Records from a collection
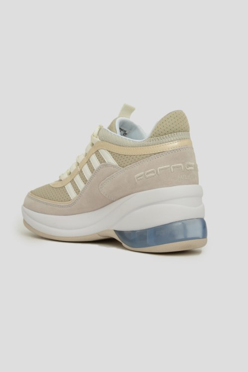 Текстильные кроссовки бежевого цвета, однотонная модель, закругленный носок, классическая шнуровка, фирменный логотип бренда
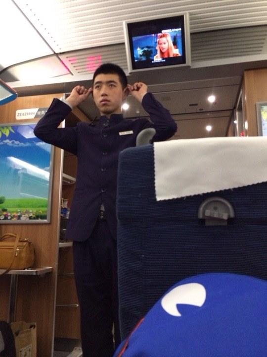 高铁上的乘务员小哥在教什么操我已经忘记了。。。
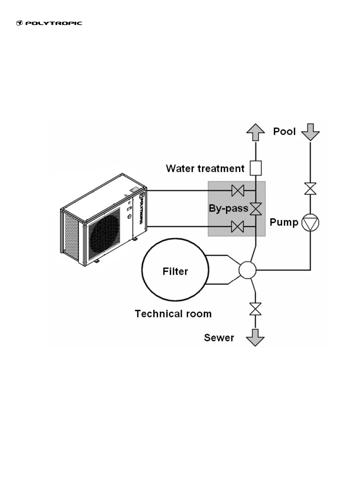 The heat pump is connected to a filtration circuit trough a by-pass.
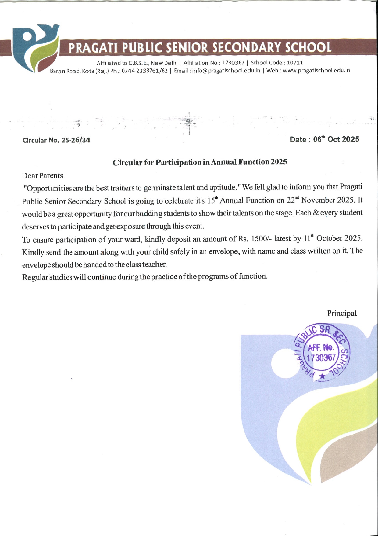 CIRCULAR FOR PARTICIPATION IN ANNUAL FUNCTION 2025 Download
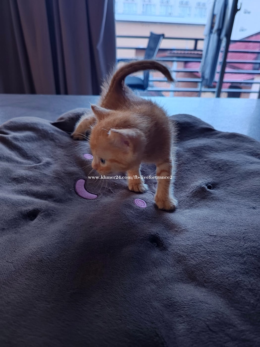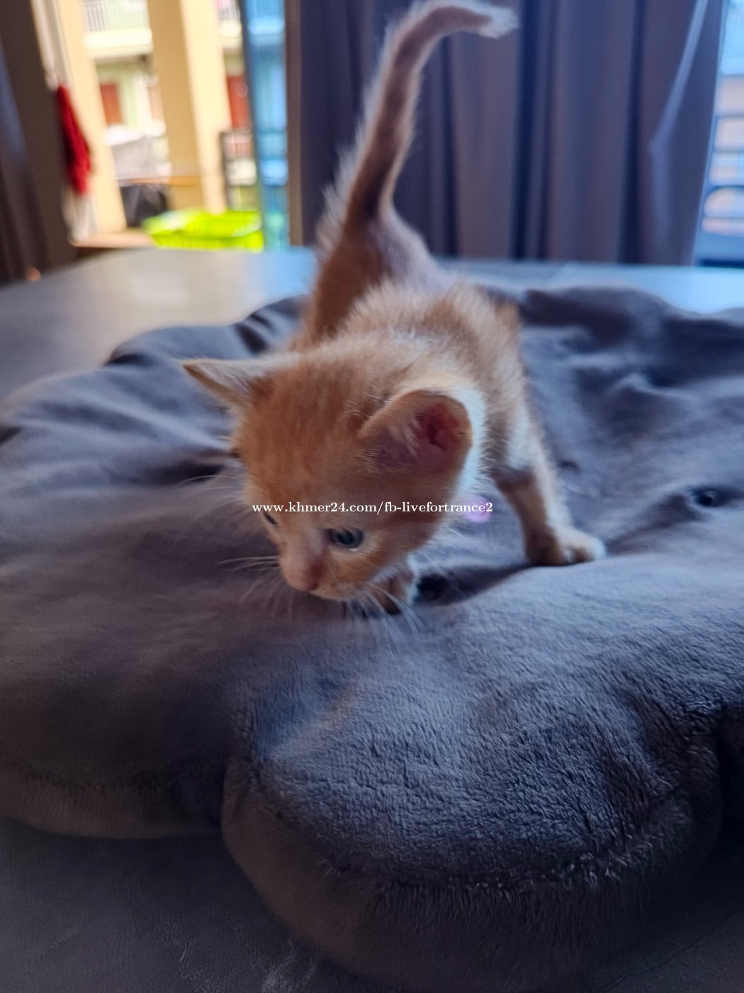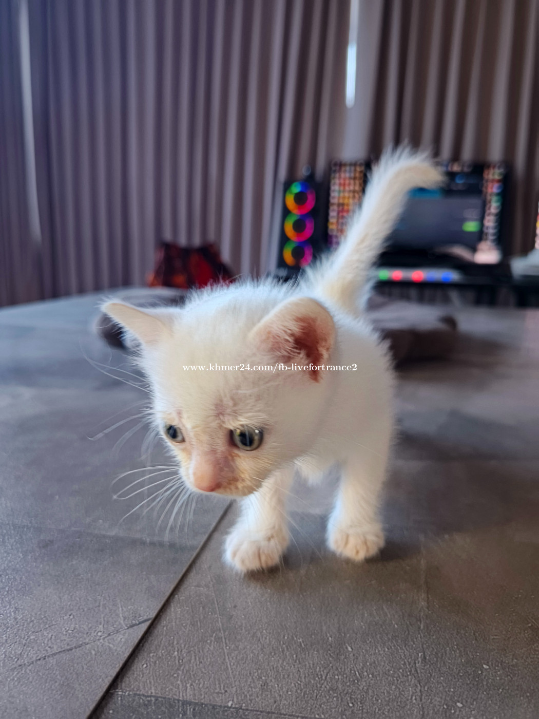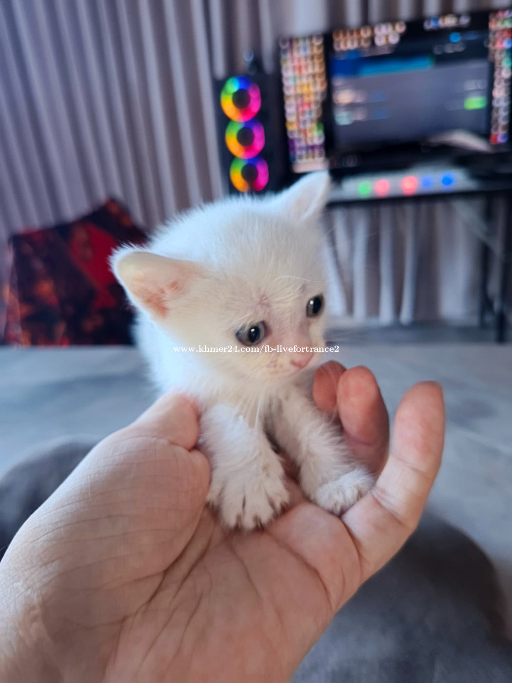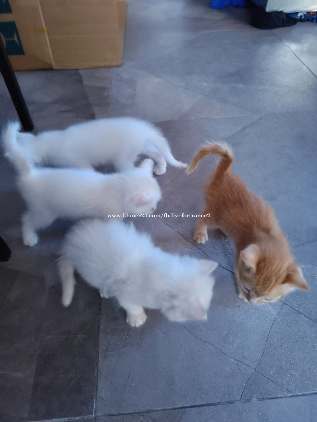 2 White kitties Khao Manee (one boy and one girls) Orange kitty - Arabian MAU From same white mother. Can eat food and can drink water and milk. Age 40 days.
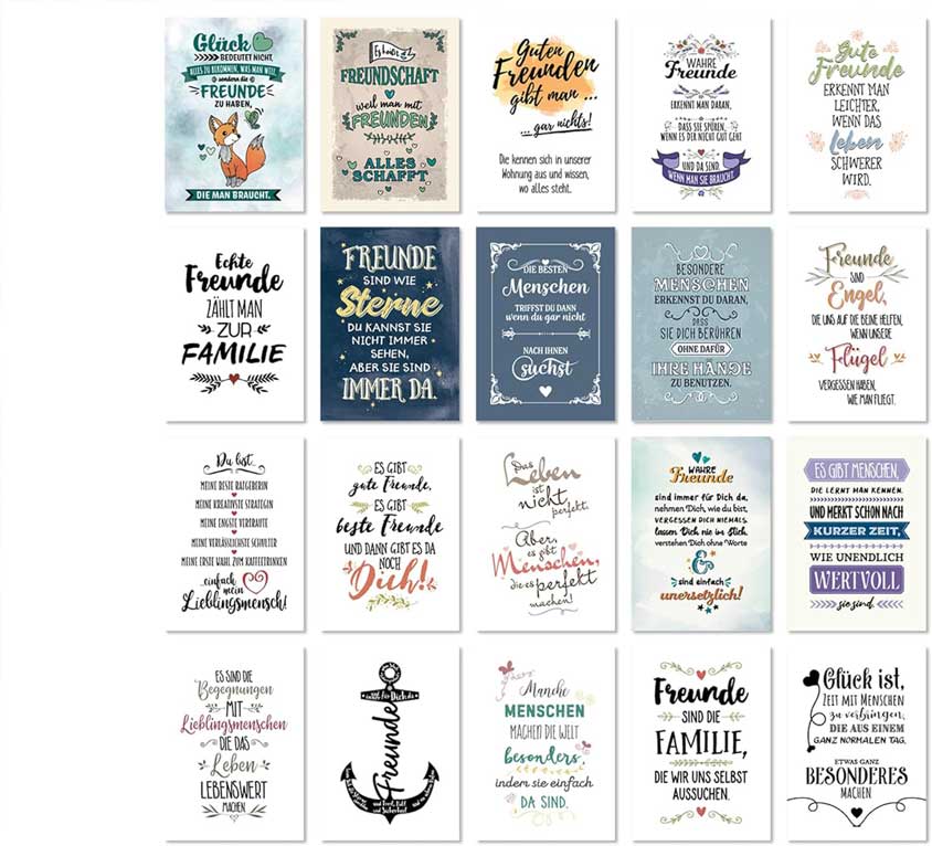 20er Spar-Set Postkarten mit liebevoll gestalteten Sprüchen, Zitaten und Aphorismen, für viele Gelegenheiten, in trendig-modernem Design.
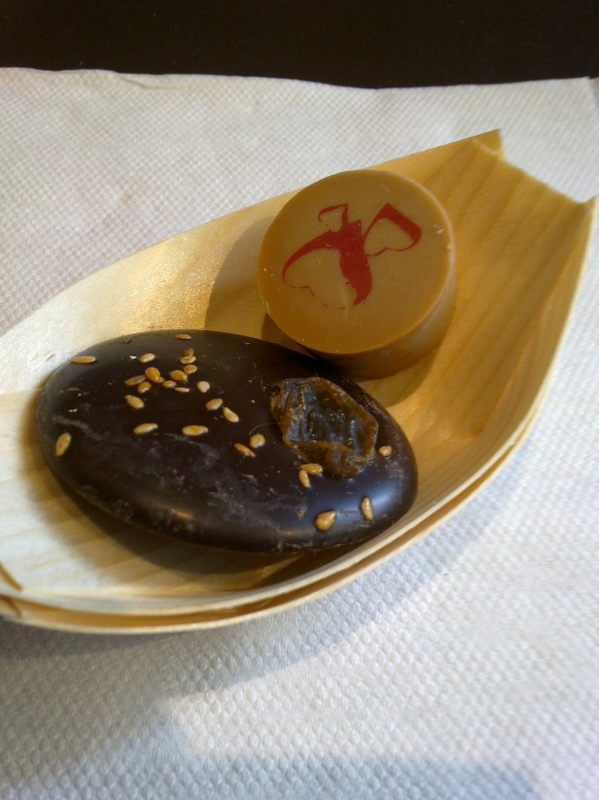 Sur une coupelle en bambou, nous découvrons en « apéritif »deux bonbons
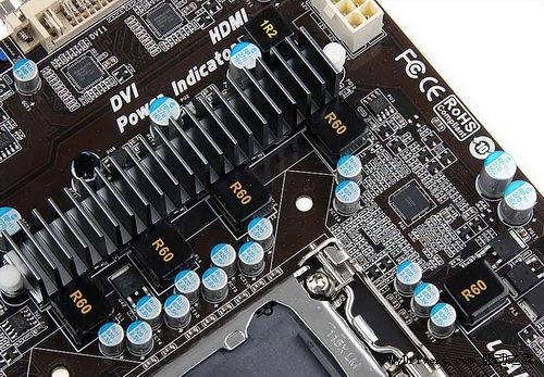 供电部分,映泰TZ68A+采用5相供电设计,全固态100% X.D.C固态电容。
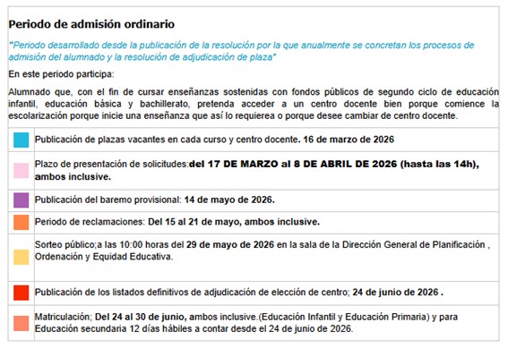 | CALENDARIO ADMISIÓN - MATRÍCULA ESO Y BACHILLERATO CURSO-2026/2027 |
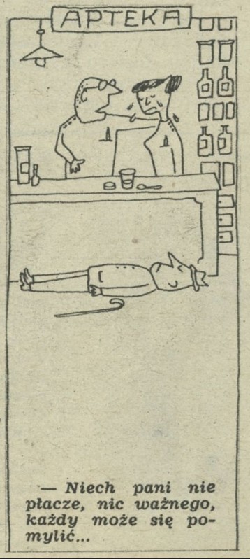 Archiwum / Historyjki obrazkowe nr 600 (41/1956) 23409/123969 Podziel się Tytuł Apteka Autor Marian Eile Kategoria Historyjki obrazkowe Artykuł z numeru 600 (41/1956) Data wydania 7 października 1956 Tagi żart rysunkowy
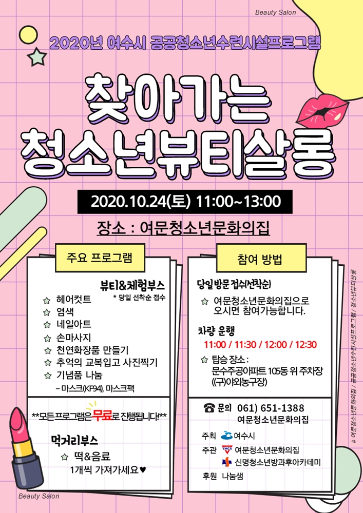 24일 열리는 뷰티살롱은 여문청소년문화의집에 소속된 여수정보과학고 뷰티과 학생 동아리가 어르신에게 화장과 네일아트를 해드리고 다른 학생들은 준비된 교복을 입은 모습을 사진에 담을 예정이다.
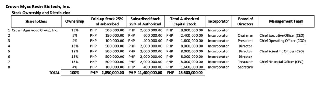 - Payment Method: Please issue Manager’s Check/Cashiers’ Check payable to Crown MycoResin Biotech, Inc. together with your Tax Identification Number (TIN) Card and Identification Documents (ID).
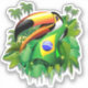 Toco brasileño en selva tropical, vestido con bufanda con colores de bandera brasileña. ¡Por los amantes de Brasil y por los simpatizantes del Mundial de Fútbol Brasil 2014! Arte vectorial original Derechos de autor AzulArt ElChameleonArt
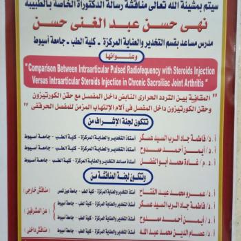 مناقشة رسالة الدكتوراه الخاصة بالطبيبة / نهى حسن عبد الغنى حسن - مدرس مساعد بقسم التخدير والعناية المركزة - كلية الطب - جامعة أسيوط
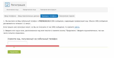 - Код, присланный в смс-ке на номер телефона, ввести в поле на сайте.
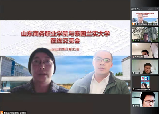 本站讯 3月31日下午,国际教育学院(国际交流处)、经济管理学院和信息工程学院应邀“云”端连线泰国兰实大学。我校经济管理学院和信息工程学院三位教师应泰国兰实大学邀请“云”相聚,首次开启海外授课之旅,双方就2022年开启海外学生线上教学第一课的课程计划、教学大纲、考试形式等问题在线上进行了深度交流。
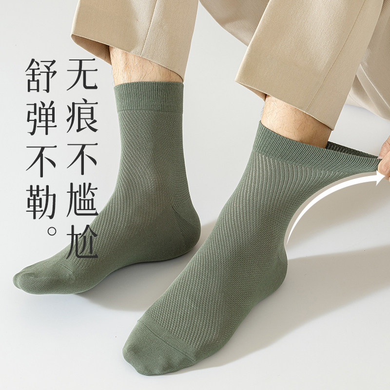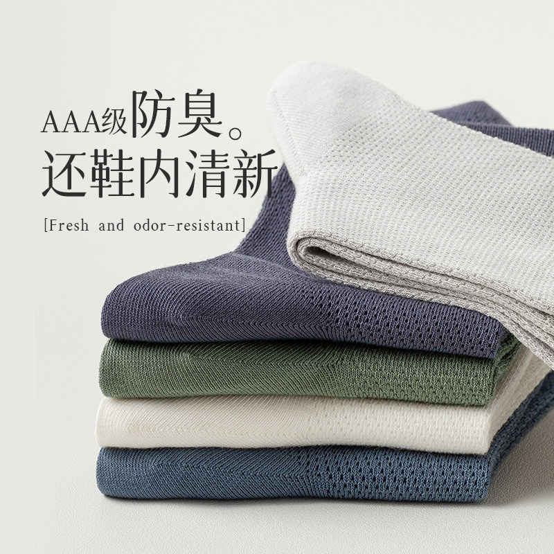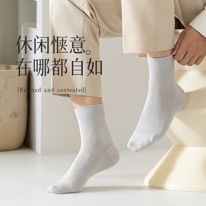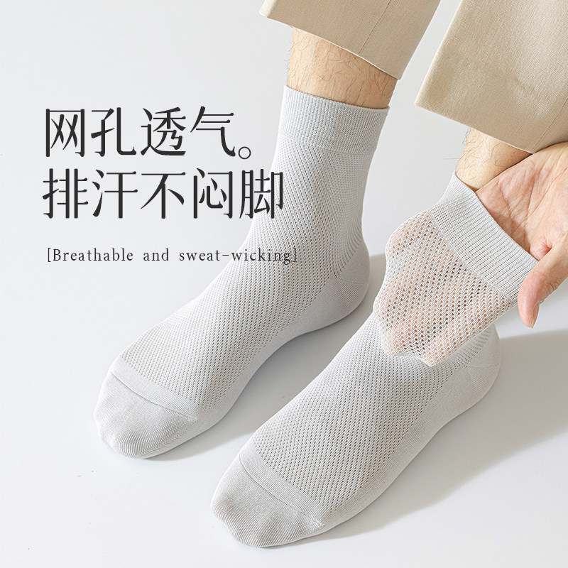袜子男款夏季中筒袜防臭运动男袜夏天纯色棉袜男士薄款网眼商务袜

* **What to produce**
Word for word, repeat only the lines from the line containing "本站讯 3月31日下午,国际" through the end of the data, without any pictures.

* **Solution to this task**
 本站讯 3月31日下午,国际教育学院(国际交流处)、经济管理学院和信息工程学院应邀“云”端连线泰国兰实大学。我校经济管理学院和信息工程学院三位教师应泰国兰实大学邀请“云”相聚,首次开启海外授课之旅,双方就2022年开启海外学生线上教学第一课的课程计划、教学大纲、考试形式等问题在线上进行了深度交流。
袜子男款夏季中筒袜防臭运动男袜夏天纯色棉袜男士薄款网眼商务袜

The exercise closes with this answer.